Your goal: Transcribe the following records exactly, images excluded.

═══ Task input

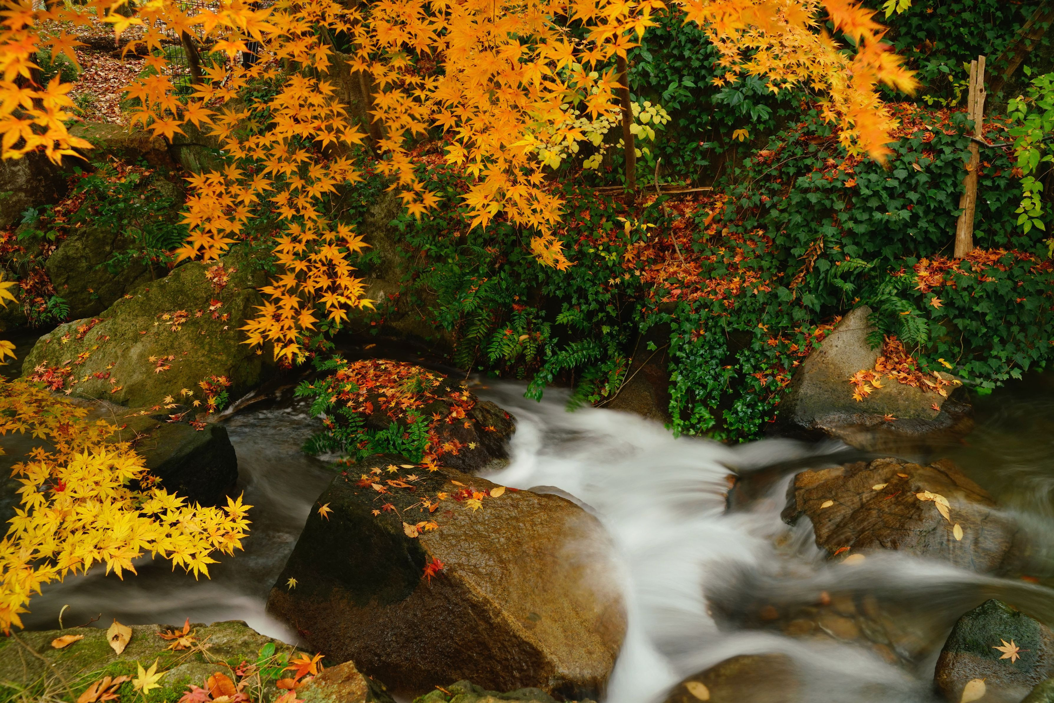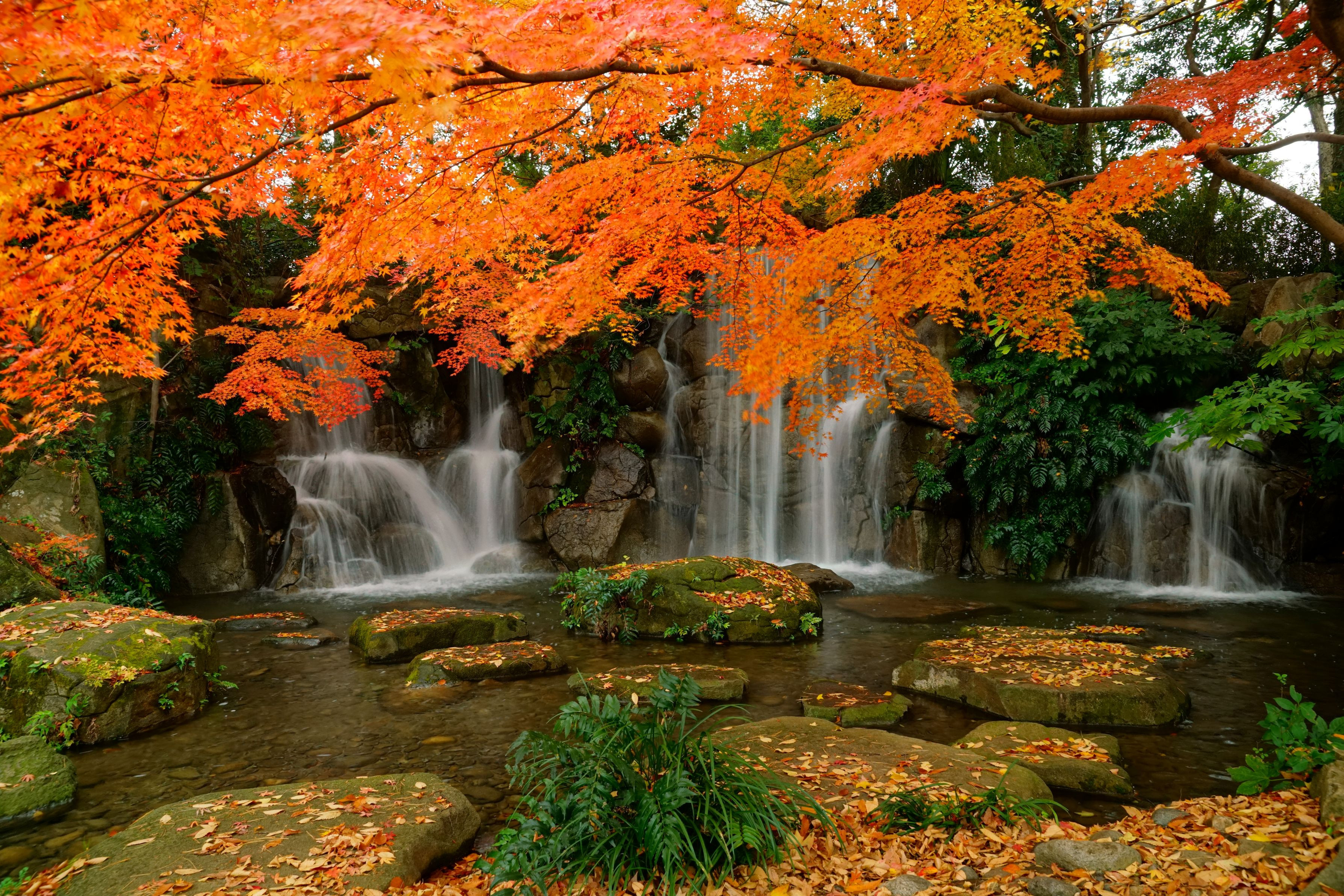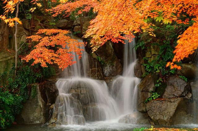 晩秋の園内・人工の滝付近の様子です。
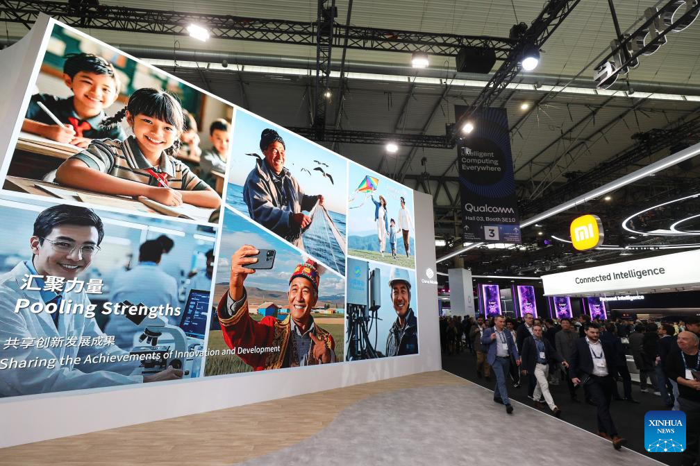 People walk past the booth of China Mobile at the 2025 Mobile World Congress in Barcelona, Spain, March 3, 2025. The 2025 Mobile World Congress (MWC) opened here on Monday, bringing together industry leaders, policymakers, and technology innovators to explore advancements in 5G, artificial intelligence (AI), and advanced connectivity.
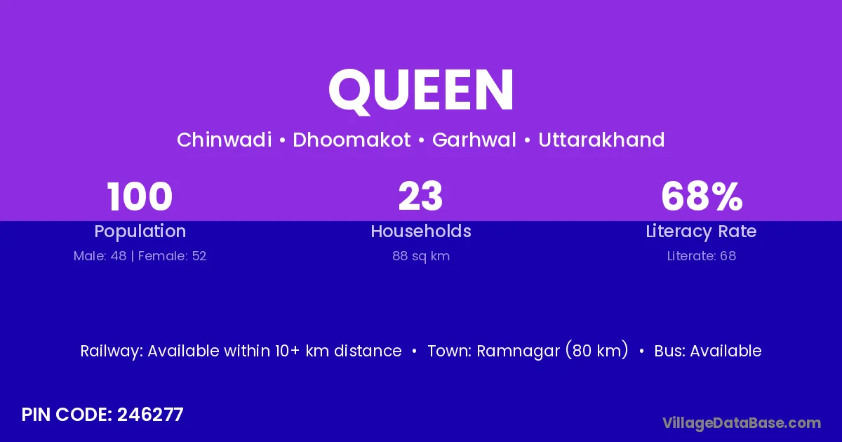 According to Census 2011 information, the village code of Queen village is 246277.
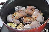 倒入猪蹄,放入少量的白糖,是为了融化之后让更多的佐料附着在猪蹄上
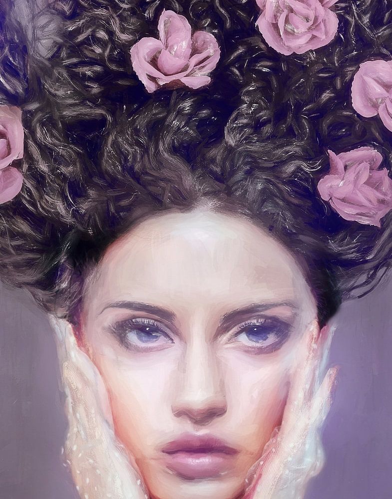 Fantasievolles Porträt in Lila- und Fliedertönen. Gemälde in Mischtechnik im Impasto-Stil. Ein Tag mit rosa Haaren :)
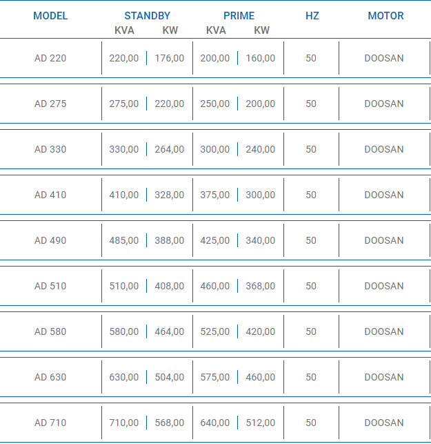Máy phát điện Aksa động cơ Doosan là sản phẩm có động cơ xuất xứ Hàn Quốc với các ưu điểm như: Động cơ Doosan Hàn Quốc, hoạt động bền bỉ, máy khỏe, với dải công suất 60KVA – 750KVA.
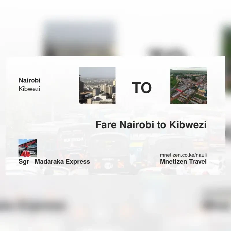 The fare from Nairobi to Kibwezi with SGR - Madaraka Express is ksh 600. Prices may vary during holidays and school terms.
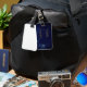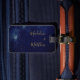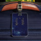Guld, som ge intryck av stjärnor i himmel, skiner ovanför ord på blå bakgrund. Ett modernt tema för en bagagetagg i personligt bröllp på kvällen snyggt. Ändra enkelt informationen till ditt eget anpassad design.
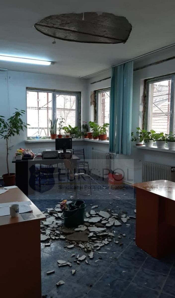 Ca acest sediu sunt multe altele la nivel național, pentru că subfinantarea MAI naște pericole, iar pericolul de a-ți cădea tavanul în cap  la serviciu e din ce în ce mai des întâlnit, mai arată sindicaliștii.
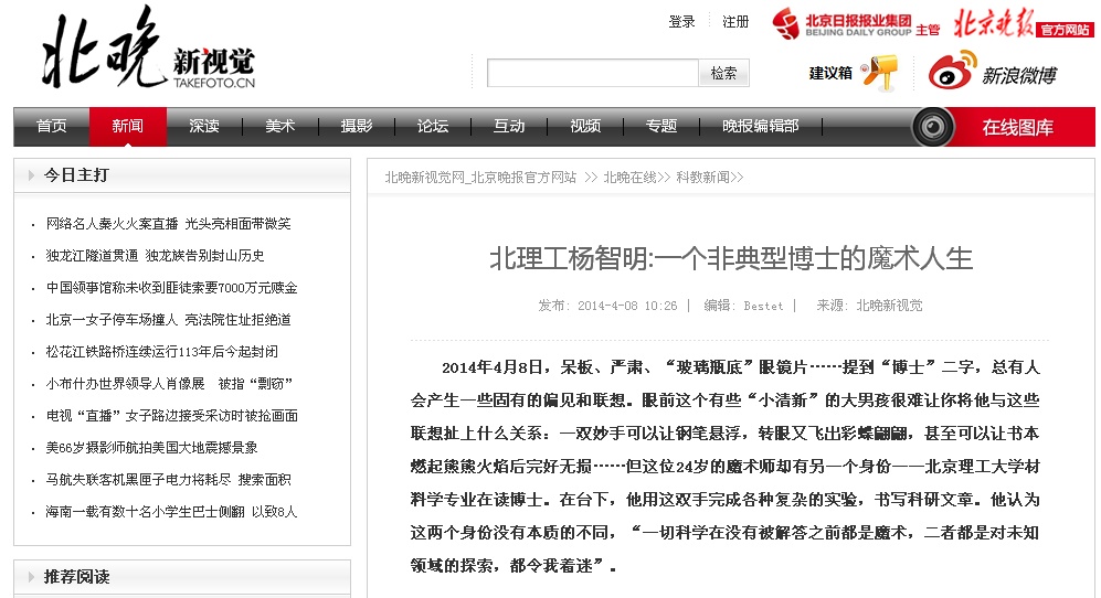 【北京晚报】北理工杨智明:一个非典型博士的魔术人生

══════

Written response:
 晩秋の園内・人工の滝付近の様子です。
 People walk past the booth of China Mobile at the 2025 Mobile World Congress in Barcelona, Spain, March 3, 2025. The 2025 Mobile World Congress (MWC) opened here on Monday, bringing together industry leaders, policymakers, and technology innovators to explore advancements in 5G, artificial intelligence (AI), and advanced connectivity.
 According to Census 2011 information, the village code of Queen village is 246277.
 倒入猪蹄,放入少量的白糖,是为了融化之后让更多的佐料附着在猪蹄上
 Fantasievolles Porträt in Lila- und Fliedertönen. Gemälde in Mischtechnik im Impasto-Stil. Ein Tag mit rosa Haaren :)
Máy phát điện Aksa động cơ Doosan là sản phẩm có động cơ xuất xứ Hàn Quốc với các ưu điểm như: Động cơ Doosan Hàn Quốc, hoạt động bền bỉ, máy khỏe, với dải công suất 60KVA – 750KVA.
 The fare from Nairobi to Kibwezi with SGR - Madaraka Express is ksh 600. Prices may vary during holidays and school terms.
Guld, som ge intryck av stjärnor i himmel, skiner ovanför ord på blå bakgrund. Ett modernt tema för en bagagetagg i personligt bröllp på kvällen snyggt. Ändra enkelt informationen till ditt eget anpassad design.
 Ca acest sediu sunt multe altele la nivel național, pentru că subfinantarea MAI naște pericole, iar pericolul de a-ți cădea tavanul în cap  la serviciu e din ce în ce mai des întâlnit, mai arată sindicaliștii.
 【北京晚报】北理工杨智明:一个非典型博士的魔术人生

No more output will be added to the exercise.